This summer I have been teaching an American Government course for the first time in my life. The book, ordered by the university for all adjunct classes, is Government in America: People, Politics, and Policy, brief 8th edition, by Edwards, Wattenberg, Lineberry, published by Pearson Longman. By and large I think it is a good text.

Every so often the authors will write something that surprises me. That is, it surprises me to find it in an academic textbook. Take these two paragraphs from the chapter on the presidency.

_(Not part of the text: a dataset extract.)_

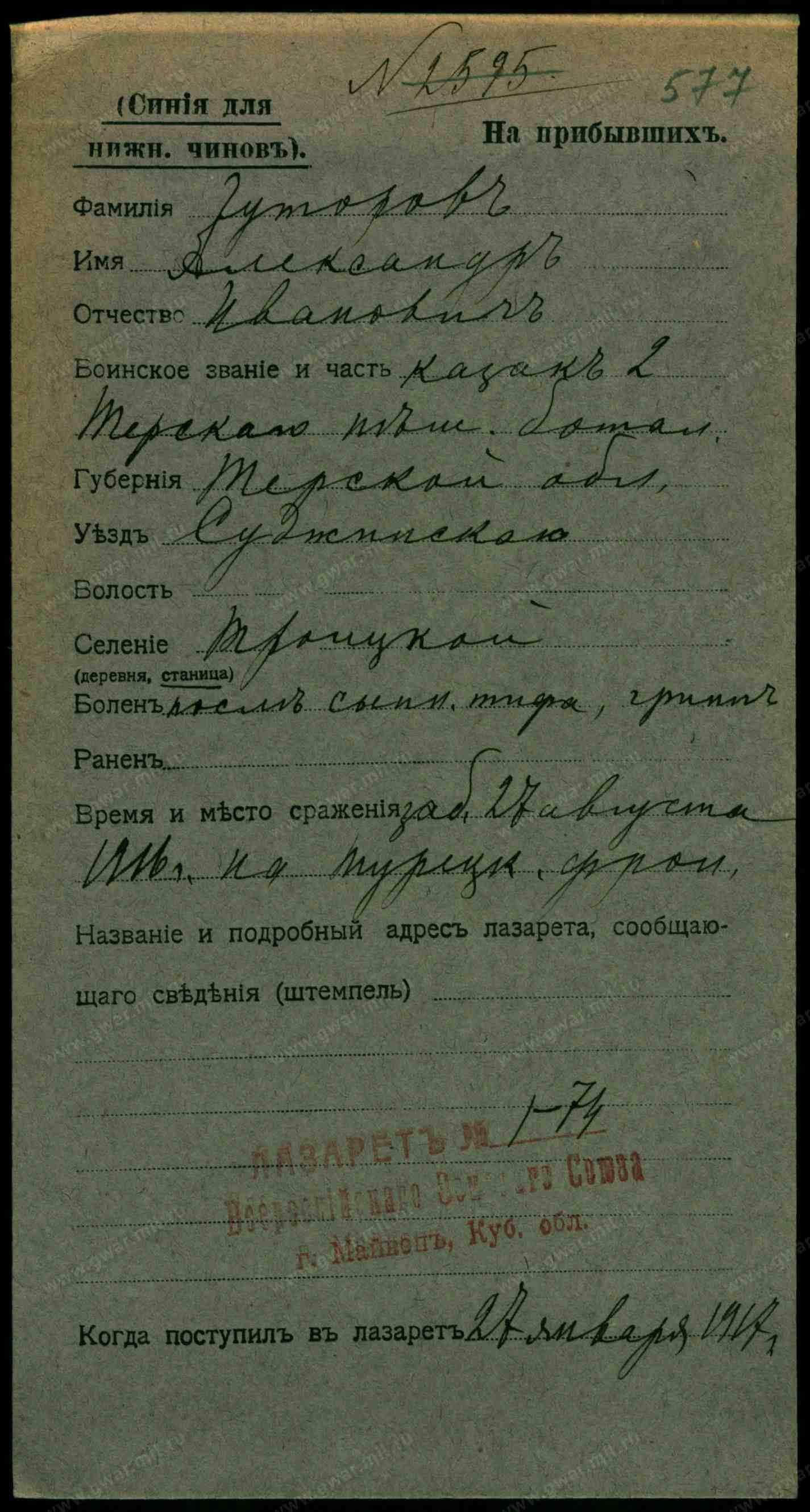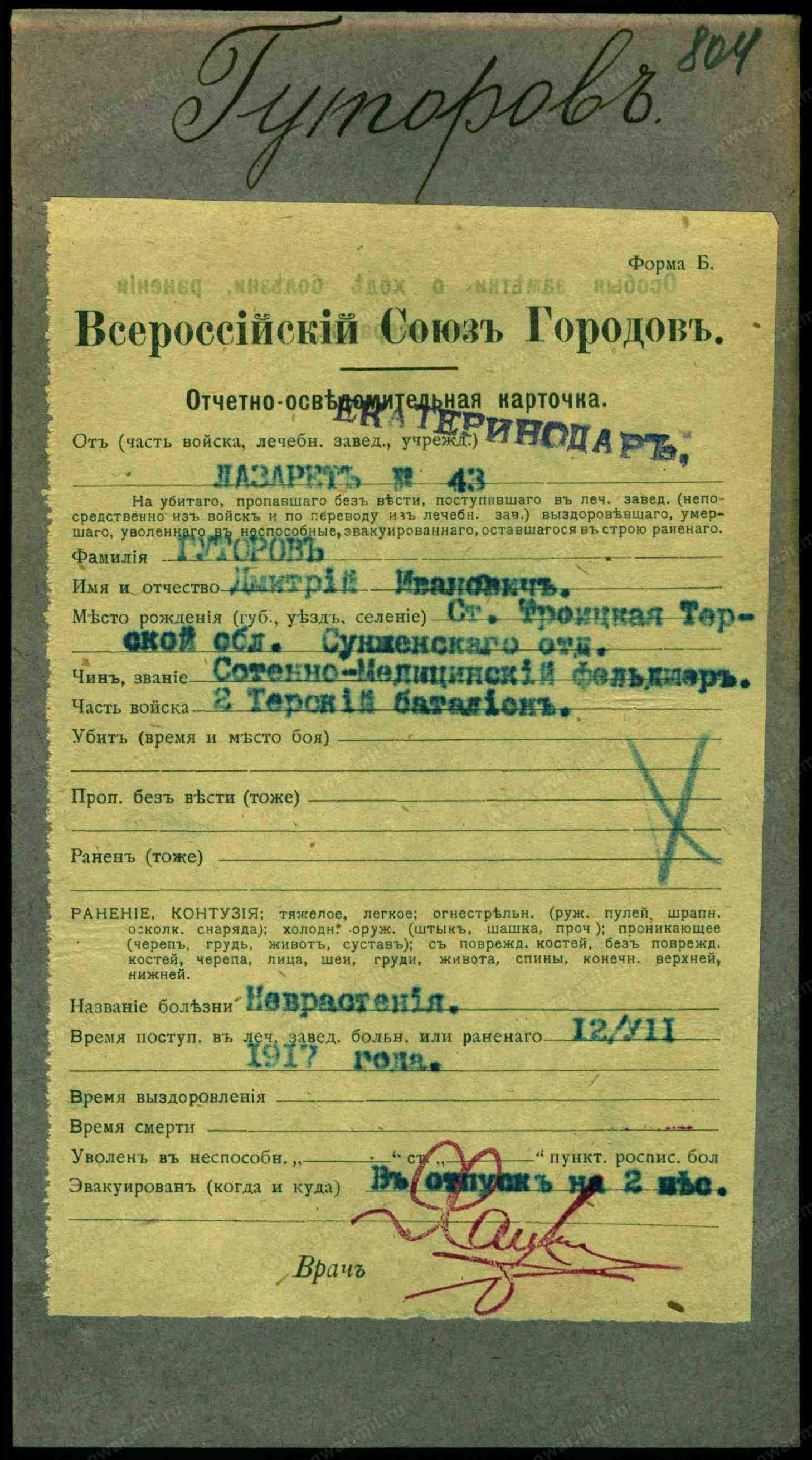 Фонд Картотека бюро учета потерь в Первой мировой войне (офицеров и солдат)

We learned in Chapter 6 that the news is fundamentally superficial, oversimplified, and often overblown, all of which provides the public with a distorted view of, among other things, presidential activities, statements, policies, and options. We have also seen that the press prefers to frame the news in themes, which both simplifies complex issues and events and provides continuity of persons, institutions, and issues. Once these themes are established, the press tends to maintain them in subsequent stories. Of necessity, themes emphasize some information at the expense of other data, often determining what information is most relevant to news coverage and the context in which it is presented.
. . .
News coverage of the presidency often tends to emphasize the negative (even if the negative stories are presented in a seemingly neutral manner), a trend that has increased over the past 20 years. In the 1980 election campaign, the press portrayed President Carter as mean and Ronald Reagan as imprecise rather than Carter as precise and Reagan as pleasant. The emphasis, in other words, was on the candidates' negative qualities. George Bush received extraordinarily negative press coverage during the 1992 election campaign, and the television networks' portrayal of the economy, for which Bush was blamed, got worse as the economy actually improved to a robust rate of growth!